Scuff marks and logos of a company sold off more than 10 years ago line the Tuggeranong Basketball Stadium floor.
Now the Canberra Capitals are preparing to invest in up to $20,000 worth of upgrades to "make this venue sing" for their biggest game of the WNBL season.
The Capitals will return to Tuggeranong for the first time in more than five years when they host the Perth Lynx in game two of their semi-final series on Sunday.
But the Southern Cross Club-owned and operated venue is in need of a major facelift to meet the minimum broadcast requirements to host a WNBL fixture after answering an SOS from the Capitals, who find themselves caught in the middle of an indoor venue crisis.
Existing lights will be replaced and more lights will be added. An adjustable scaffold will be wheeled in behind the grandstand and temporary stages built to capture the action for the broadcaster's five cameras. Fans will huddle together on wooden bleachers.
Capitals general manager Lucille Bailie says club staff have been working "day and night" with venue operators to bring the ageing stadium to life after the most successful club in WNBL history - and Canberra's most successful elite sporting team - was left homeless.
The Capitals have been locked out of the AIS Arena for two years, ruining their hopes of of hosting blockbuster finals in front of 5000 fans again.

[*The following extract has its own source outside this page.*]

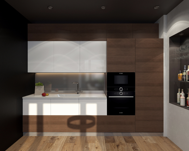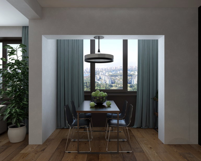 Её окна выходят прямо на Москва-реку, поэтому столовую зону решено было вынести в зону балкона и поднять пол в кухне на 15 см от чистового пола всей квартиры - получился подиум с подсветкой.

Their regular home at the National Convention Centre is booked out for the duration of the finals.
Now the club has been forced to go back to Tuggeranong, which boasts a capacity of just 1300 in what looms as a major financial blow for the WNBL club.
Bailie says that is exactly why the AIS Arena cannot be left behind as a sporting infrastructure debate rages in a tight tussle for one of the two ACT Senate seats.
"It's a significant upgrade. We're confident the ACT government will assist us financially. This is what happens when you don't have that permanent purpose-built facility. The short-term investment requires that intense stakeholder buy-in and collaboration," Bailie said.
"The point is it no longer meets WNBL broadcasting requirements. There's a range of upgrades that will bring the venue up to the vastly-improved WNBL broadcasting requirements. They include lighting, staging, additional power, internet, seating and ticketing. We're going to fill this joint to the rafters.
"The certainties in life, what are they? Death, taxes, and the Caps are going to keep being a successful sporting franchise. But we do hope we don't have to revisit the venue."
The University of Canberra is planning a possible 10,000-seat indoor venue to fill a gaping void and reignite the ACT's sports and entertainment sector.
A "UC Arena" with a capacity between 7000 and 10,000 forms part of the university's sport strategy but the proposed arena hinges on a funding injection.
"Our need is clear. We need that purpose-built playing and training venue. There's little more we can do. The case for a suitable indoor venue is as clear as it can be," Bailie said.
"It's now over to the ACT and federal government. We'd like them to work with UC, we think the UC plan is a great one. As an organisation, to have our own venue on campus at UC, that would put forward a pretty good solution. We've shone a light on the issue and issued a solution. We don't want to revisit this scenario ever again."